In an RPG, though, that protagonist is a player character – with a player behind them.

That player is a real person, and that real person is investing real time in the game.  It behooves a good GM not to waste that time.

One particularly conspicuous way of wasting that time is for the GM to allow the players to spend time and energy struggling toward a goal, and then invalidating that struggle.

Denied Results

There are two main forms I see invalidation taking.  In the first case, the GM inflicts failure on the players, no matter what ingenuity or determination the players bring to bear.

This happens when the GM sets up a plot that can only advance if the players fail – a plot that halts if the players ever succeed.  A Lost or a Star Trek: Voyager, or a Gilligan’s Island, where every adventure is an attempt to get home, but where the simple math of the premise demands that all of these attempts fail.

I’ve seen this structure in RPG sourcebooks.  I have a sourcebook ready to hand that outlines a campaign about the approach and confrontation of a mighty and terrible evil.  Every adventure in this campaign is about some antagonist taking steps to advance the evil’s approach, and every one of these adventures requires the players to fail to stop these antagonists – or the campaign is over.

At every step, no matter how cunning or steadfast the players, they are guaranteed to fail.  Their efforts are wasted.

Denied Causes

The second case is where the GM allows the players to succeed, or to come close to succeeding, and then reveals the players’ cause to have been a hateful one.

There’s a video game I could name, wherein the player’s objective is to rescue the player character’s girlfriend from a distant castle.  At the end of the game, it’s revealed that the girlfriend is the PC’s ex, and she’s been actively trying to get away from him.

Again, the players’ efforts are wasted – wasted and soured.  You’ve just taken all of the time and energy the player put into that goal, and made it retroactively un-fun.

Frustration vs. Invalidation

I’m not saying don’t make things difficult for the players.

Knock them into pits, so they can fight their way back out!  Set them up against unbeatable odds, and then see how they beat them anyway.  Put the goalposts on the damn moon, and hand the players half a roll of duct tape and an empty egg-carton to get them started on a rocket.

Make them struggle.

But don’t waste that struggle.

4 thoughts on “GMing Rule #3. Don’t invalidate the players’ efforts.”

  1. This is also a lesson I wish game developers would follow. There is nothing more frustrating than doing a difficult fight /and winning/ and then jumping to cutscene and watching your character lose. (And you lose even more points if your character loses the fight [like the story wants] and you get a ‘game over’ screen.)

      1. Nothing says, “Fuck you!” quite like the trifecta of invalidation, frustration, and result denial that is the “You win but you lose” boss fight.

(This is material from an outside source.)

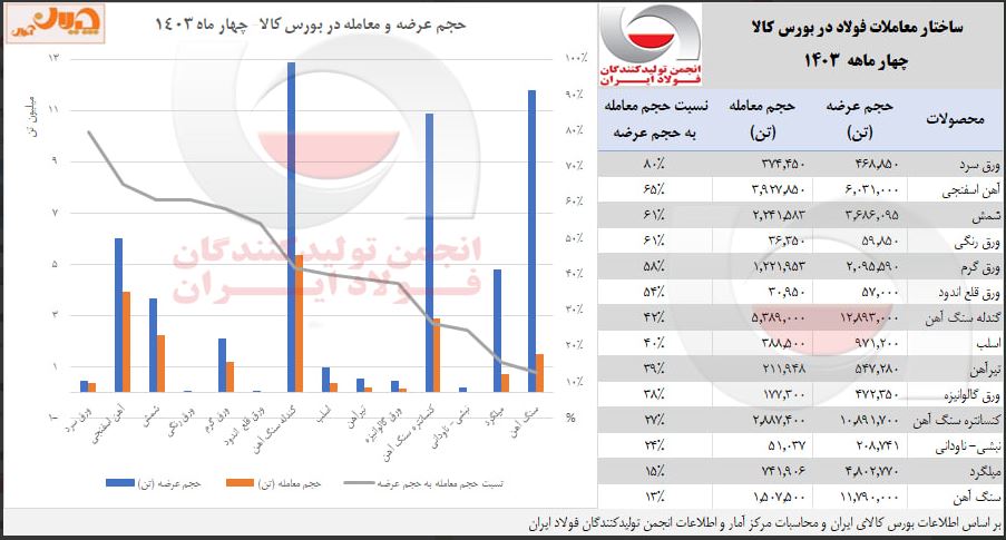 به گزارش چیلان ، به نقل از واحد آمار و اطلاعات انجمن تولیدکنندگان فولاد ایران پر متقاضیترین محصولات زنجیره آهن و فولاد در ۴ ماهه سال ۱۴۰۳ در بورس کالای ایران (با توجه به عرضه و معامله)، به ترتیب ورق سرد، آهن اسفنجی و بیلت و بلوم فولادی بودند.
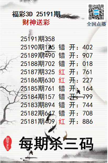 上一篇:福彩3D25191期分析师小鲨鱼杀号图精选

        However, there is NO way to beat Scorpion’s ending from Mortal Kombat (5) Deadly Alliance: after fighting your way up the chain of enemies and beating the final boss, Quan Chi, you’re rewarded with this beautiful piece of text:

        “The hunt for Quan Chi had led Scorpion to the palace of Shang Tsung. Scorpion entered the palace through a hidden passage. As he made his way through the lower levels, he was discovered by the two Oni he had previously encountered while in the Netherealm. Shang Tsung had secretly allied with Moloch and Drahmin as a backup defense against Quan Chi. The two Oni had been hidden in an underground chamber and were periodically fed mortals to keep them satisfied.

        Scorpion fought well but was overpowered by Moloch and Drahmin. Although they could not consume the ninja spectre, they devised another means for eliminating their foe that would satisfy their cruel nature. The Oni brought Scorpion before the portal to The Heavens that Shang Tsung had tapped as a source of limitless souls. They hurled him into the Soulnado and his hellspawn body was ripped apart by the purity of that realm.”

        Emphasis mine. You have to beat the final boss to get to this text wall, which indicates that you didn’t even beat the minibosses! There are plenty of arguments to be made for, “Well, fighting game stories don’t matter,” but this is still completely absurd.